Stormy Weather in 1937

The Volvo is over. Flags down on the Newport to Bermuda. The Transpac is a number of months away. The America's Cup? Any Americans actually racing? Regardless, it's not until next summer. France plays Italy in football but the only water in that game will be in the coolers. What's next?

The annual Chicago-to-Mackinac Island race starts July 22...run every summer for over a 100 years, it's the most challenging distance sailing race in the Great Lakes region. As you can imagine, the summer storms are a huge factor. In spite of the coastal sailors assumption that sailing the Lakes is for sissies...the microburst thunderstorms that ply the Great Lakes in the summertime can be hazardous.

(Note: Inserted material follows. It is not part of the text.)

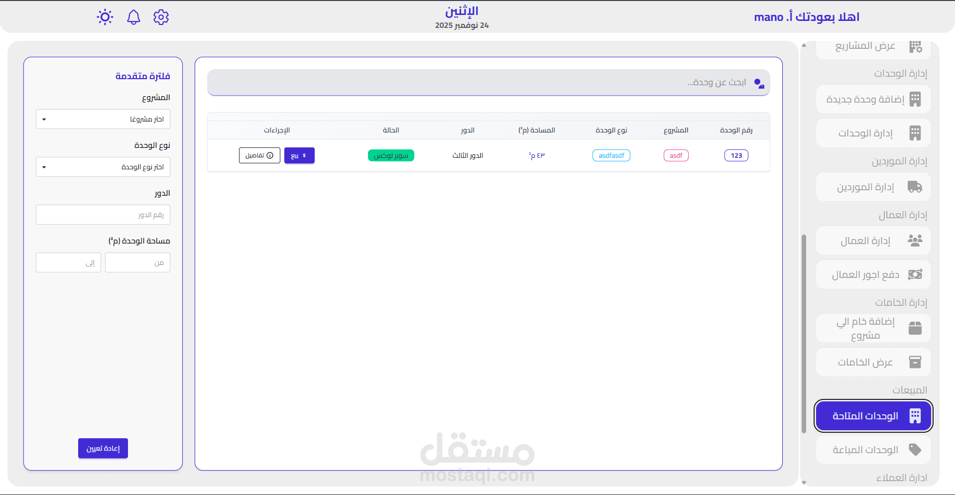 تتبع حالة الوحدات (متاحة، مباعة، قيد الإنشاء)

According to history of the race posted on the Chicago Yacht Club's web site - the storm of 1937 was an atypically hard test of the crews and yachts. Out of a fleet of 42, just eight yachts finished. After a start in light easterlies, a fast run dissolved into fierce squalls; then the storm began in earnest Sunday night. Driven by a full gales of wind, with heavy seas of 20 to 30 feet, the yachts were sent careening south under bare poles to safety or fighting to get within the dangerous breakwaters of Ludington and other ports of shelter. The tales that have come from this storm-tossed race are of courage, skill, endurance, and, of course, humor. T here are races when just the right conditions matched the particular qualities of a yacht's design, crew, strategy, and sails.

Amorita in 1911, Virginia in '25, White Cloud in '42, Pied Piper in '87, come to mind, but few exhibited such a synergy more dramatically than S/Y Rubaiyat's incredible win in the hard blow of '37.